BLEU operates based on the following principles:

1. Precision: BLEU evaluates how many of the n-grams in the candidate text exist in the reference texts. It calculates a precision score for each n-gram size (typically 1 to 4) and then computes a geometric mean of these precisions.

2. Brevity Penalty: BLEU penalizes overly short candidate texts. If the candidate text is too short compared to the references, its score is reduced.

Calculating BLEU Score with NLTK

Now, let’s calculate BLEU scores for a sample sentence. Assume we have a reference sentence “this is a simple example,” and a candidate sentence “this is an example.” We’ll calculate both the sentence-level BLEU score and the corpus-level BLEU score.

from nltk.translate.bleu_score import sentence_bleu, corpus_bleu

# Reference and candidate sentences
reference = “this is a simple example”.split()
candidate = “this is an example”.split()

# Calculate BLEU score for a single sentence
bleu_score = sentence_bleu([reference], candidate)
print(“BLEU Score (sentence):”, bleu_score)

# Calculate BLEU score for a corpus (list of candidate sentences)
corpus_reference = [[“this is a simple example”.split()]]
corpus_candidate = [“this is an example”.split()]

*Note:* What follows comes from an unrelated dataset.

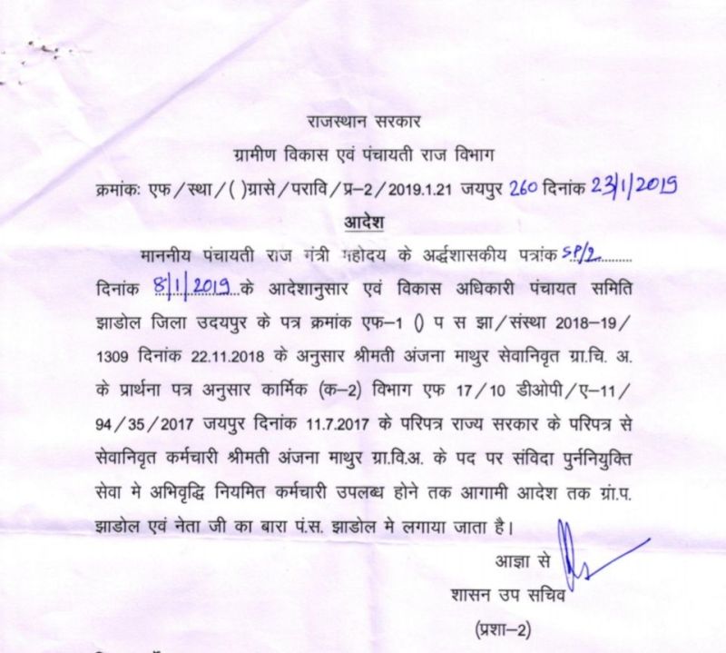 हुआ ऐसे कि 23 जनवरी 2019 को ग्रामीण विकास एवं पंचायतीराज विभाग का आदेश क्रमांक 260 जारी हुआ जिसमें सेवानिवृत अंजना माथुर को नियमित कर्मचारी उपलब्ध होने तक आगामी आदेशों तक उदयपुर जिले की झाड़ोल पंचायत समिति के ग्राम पंचायत झाड़ोल व नेताजी का बारा में संविदा ग्राम विकास अधिकारी के पद पर लगाया जाता है। आदेश शासन उप सचिव (प्रशा-2) के नाम से जारी किया गया।

corpus_bleu_score = corpus_bleu(corpus_reference, corpus_candidate)
print(“BLEU Score (corpus):”, corpus_bleu_score)

In this code, we calculate the BLEU score for a single sentence using sentence_bleu and for a corpus of sentences using corpus_bleu. You can replace the reference and candidate sentences with your own data for evaluation.


The BLEU score is a valuable tool for evaluating the quality of machine-generated text in a quantifiable manner. By comparing n-grams in candidate texts to reference texts, BLEU provides a meaningful metric for assessing text quality. With Python and NLTK, calculating BLEU scores is straightforward and can be applied to a wide range of natural language processing tasks, including machine translation, text generation, and more.